Mahmoud Sabri, Seema Khan, Division of Gastroenterology, Children's Hospital of Pittsburgh, University of Pittsburgh, School of Medicine, Pittsburgh, PA
The high sensitivity (92%) and specificity (98%) of tissue transglutaminase antibody (t-TG Ab) for diagnosis of celiac disease (CD) prompted us to evaluate its diagnostic value in children with normal small bowel morphology compared to children with CD.

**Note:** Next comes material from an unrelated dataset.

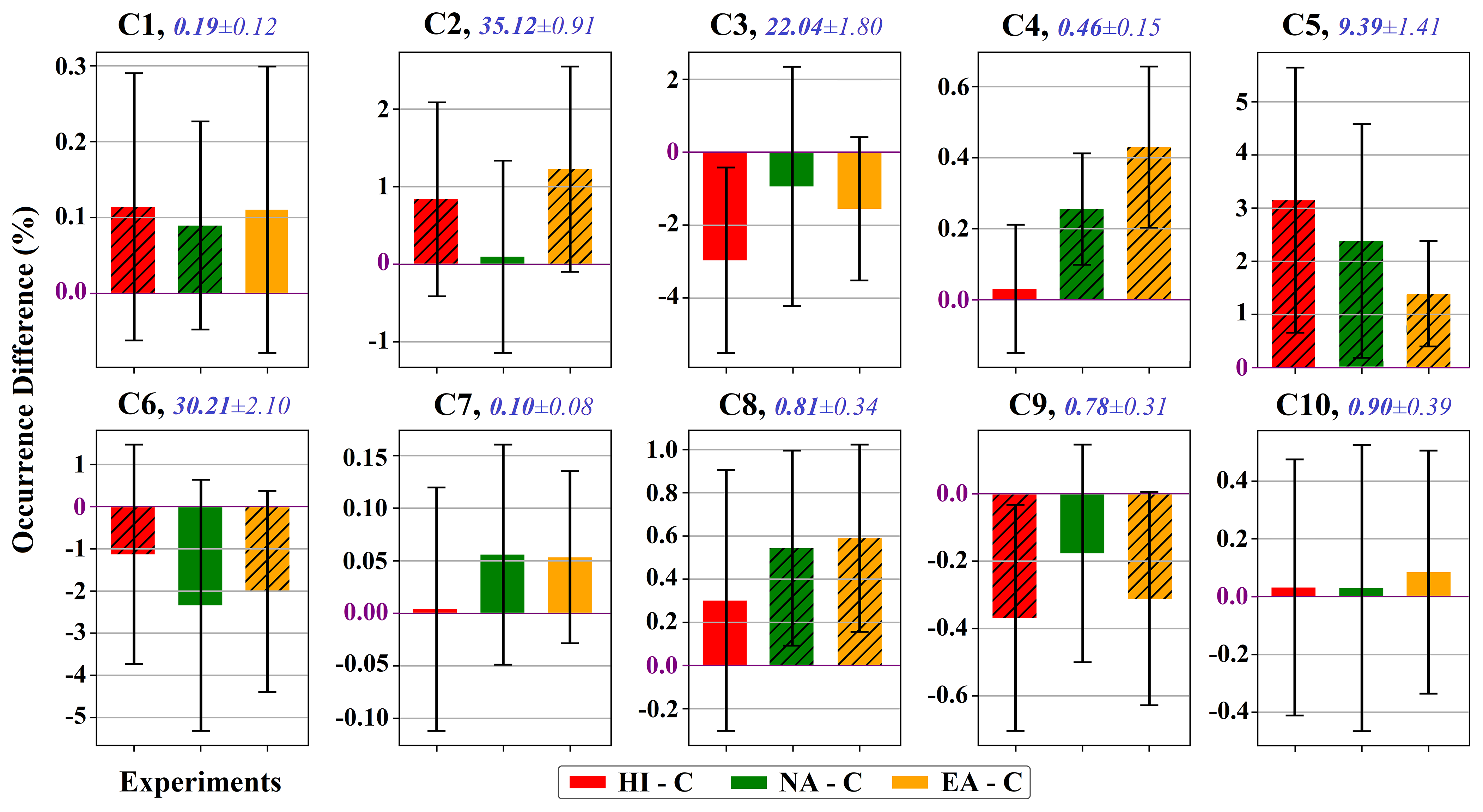 The HI experiment shows a consistent increase in the frequency of C1, C2, and C5, and a consistent decrease in C6 and C9. NA shows consistent increases in C1, C4, C5, and C8. The EA experiment shows consistent increases in C2, C4, C5, and C8, and consistent decreases in C6 and C9. Cluster C3 exhibits a mean decrease in all experiments but does not show ensemble consistency in any case.

We reviewed retrospectively clinical data and histology pertaining to children referred for evaluation of positive t-TG Ab. We divided the patients into group (gp) A: normal small intestinal mucosal biopsies, and gp B: biopsies compatible with CD. Tissue transglutaminase IgA antibodies were determined by using the ELISA and a commercially available kit using guinea pig derived liver t-TG (QUANTA Lite™ t-TG).
Data related to 15 children were reviewed. Eight (3 females) of 15 (53%) children had no abnormalities on small bowel biopsies and comprised gp A and their median age at presentation was 11 y (4.5–14). Seven of the eight (88%) children presented with constipation, vomiting, diarrhea, dyspepsia, and/or weight loss. The median duration of symptoms prior to evaluation was 1.37 y in gp A versus 0.06 y in gp B. The seven children (4 females) in gp B had a median age at presentation of 7 y (5–17), 3 presented with constipation, vomiting, diarrhea, and weight loss. The five asymptomatic children, in this series, were screened because of associated diagnosis of Down syndrome (1) in gp A, IDDM (1), and a family history of CD (3) in gp B. The mean t-TG value was 50 IU/L (33–117) in gp A compared to 117 IU/L (31–200) in gp B (p=NS). All patients in gp B had either partial villous atrophy or blunted villi and intraepithelial lymphocytes on small bowel biopsies consistent with CD. In follow up, the 7 symptomatic patients in group A were diagnosed with functional constipation (3), Crohn's disease (1), cyclic vomiting and food allergy (1), and (2) had spontaneous resolution of symptoms.
We speculate that positive t-TG Ab in children with normal small bowel biopsies may be either false positive or represent latent CD. An endoscopic re-evaluation with biopsies should be considered for those with persistently elevated t- TG Ab.